The 1953 Bell Labs film explains how transistors will lead to the production of mobile devices

There are 16 billion of them in the A16 Bionic SoC, and the more you have packed into a chip, the more powerful and energy efficient that chip is. We are talking, of course, about transistors. And these technological marvels are the subject of a 1953 video documentary produced by Bell Labs that we discovered on YouTube. Transistors made seventy years ago look nothing like those used today in modern times.
It is interesting to realize that before the discovery of the transistor, large vacuum tubes were needed to control the flow of current in a device. Today that job belongs to the transistor. Considering the size of the vacuum tubes used in radios and televisions back in the day, one can pretty much be certain that if it weren’t for the invention of the transistor in 1947, there would have been no mobile phone industry.

In 1915 transatlantic calls relied on as many as 500 connected vacuum tubes

Originally, vacuum tubes were used to connect landline calls that traveled coast to coast. In 1915, the use of vacuum tubes helped make the first telephone call from New York to San Francisco a reality. With 500 vacuum tubes connected, telephone calls could be made over the Atlantic Ocean. Of course, we take all of this for granted these days as the little device in our pocket can put us in touch with another person who is thousands of miles away.

Radar and microwave broadcasting stations (used for coast-to-coast telephony and television) all depended on the vacuum tube until the transistor was created. Three men working at Bell Telephone Labs have found a way to amplify an electric current within a solid without having to depend on a vacuum or heating element. And the power needs for a transistor are much less than those required for a vacuum tube. Also, transistors don’t heat up like vacuum tubes do, allowing many of today’s devices to be small enough to fit in our pockets.

In a related statement foreshadowing the modern technological experience, the announcer says, “Because they are so small, transistors have made possible the miniaturization of many types of electronic equipment.” And the film goes on to observe that transistors “can also be used in multi-channel telephony which increases the number of calls that can be carried along telephone lines at the same time.”

The documentary noted how phone calls could be improved thanks to the transistor. Bell Telephone has used technology to help amplify sounds to make the person on the other end of a long distance call sound like they are right next to you. The transistors, placed directly inside telephones, would allow a farmer, who lives in a rural area away from central exchanges, to hear and be heard loud and clear while on a call.

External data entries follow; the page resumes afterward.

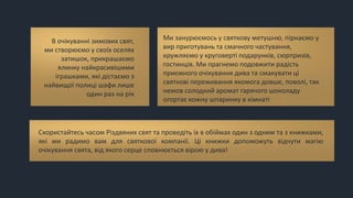 Скористайтесь часом Різдвяних свят та проведіть їх в обіймах один з одним та з книжками, які ми радимо вам для святкової компанії. Ці книжки допоможуть відчути магію очікування свята, від якого серце сповнюється вірою у дива!
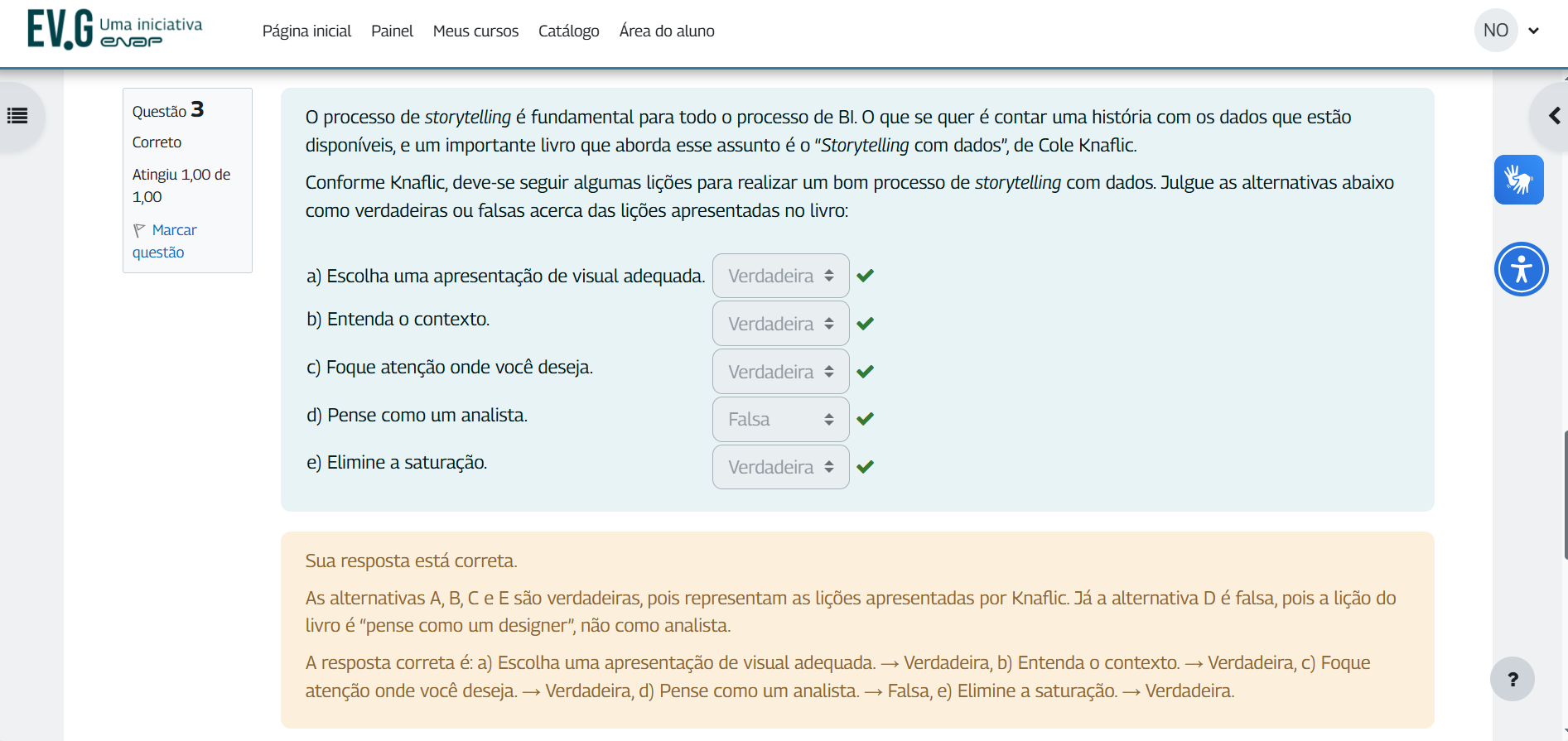 EV.G Uma iniciativa Página inicial Painel Meus cursos Catálogo Área do aluno NO Questão 3 o processo de storytelling é fundamental para todo o processo de o que se quer é contar uma história com os dados que estão Correto disponíveis, e um importante livro que aborda esse assunto é o "Storytelling com dados", de Cole Knaflic. Atingiu 1,00 de Conforme Knaflic, deve-se seguir algumas lições para realizar um bom processo de storytelling com dados. Julgue as alternativas abaixo 1,00 como verdadeiras ou falsas acerca das lições apresentadas no livro: Marcar questão a) Escolha uma apresentação de visual adequada. Verdadeira b) Entenda o contexto. Verdadeira c) Foque atenção onde você deseja. Verdadeira d) Pense como um analista. Falsa e) Elimine a saturação. Verdadeira Sua resposta está correta. As alternativas A, B, C e E são verdadeiras, pois representam as lições apresentadas por Knaflic. Já a alternativa D é falsa, pois a lição do livro é "pense como um designer", não como analista. A resposta correta é: a) Escolha uma apresentação de visual adequada. Verdadeira, b) Entenda o contexto. Verdadeira, c) Foque ? atenção onde você deseja. Verdadeira, d) Pense como um analista. Falsa, e) Elimine a saturação. Verdadeira.
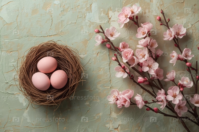 Пасхальные яйца в гнезде ветвей и сакуры на зеленом фоне с грубыми штрихами.Концепция счастливой Пасхи 2026
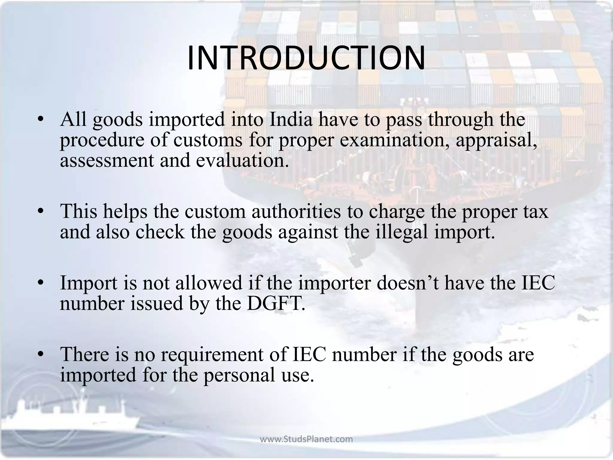 This document provides information on import clearance procedures in India. It discusses the key steps which include filing a bill of entry, assessment of goods by customs authorities, payment of applicable duties, and clearance of goods from the port. There are three main types of bills of entry - white (for home consumption), yellow (for warehousing), and green (for clearance from warehouse). The document also describes differences between the EDI and non-EDI systems for submitting import documents electronically or manually.
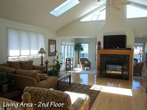 Fantastic Beachblock upside down style home featuring 4 bedrooms and 4 full baths. First floor features 3 bedrooms, 2 full baths and laundry room. Second floor features a spacious great room with vaulted ceilings, gas fireplace, sun room which is bright and airy, kitchen with center island, dining area, master bedroom with private bath and large deck overlooking the beautiful inground swimming pool. Property also features a third floor roof top deck with fabulous ocean views.

In the 1953 video, there was hope that one day consumers could play music from a device on their wrist

And while everything telephony was still wired, it’s interesting to see that transistors could be used to help route long-distance calls. And looking ahead to today’s smartwatch, the film claims that thanks to those working to improve the transistor and looking for other uses for it, “you may be able to get music with a flick of your wrist from the so-called Dick Tracy Radio.”

The film is also about a portable television that would allow users to take video entertainment anywhere, which we now enjoy streaming movies and television shows on our mobile phones and tablets. And while it used to take an entire room to house the computer equipment needed for math calculations, today many basic calculations can be handled on a phone or even a smartwatch.

Check out this statement from the movie. “Of course, we can’t build a calculating machine as flexible as the human brain, but even a man-made computer designed to do hundreds of brain-like computational jobs might need an Empire State Building to house it and Niagara Falls to power and cool if thermionic valves had been used in its construction.” So yes, the transistor also helps make the desktop PC and laptop possible.

And these days we keep making transistors smaller and smaller so that more of them can fit in a dense place. As long as this keeps happening and Moore’s Law (the observation that the number of transistors inside a chip doubles every two years) stays alive, faster and more powerful phones, tablets and smartwatches can be made.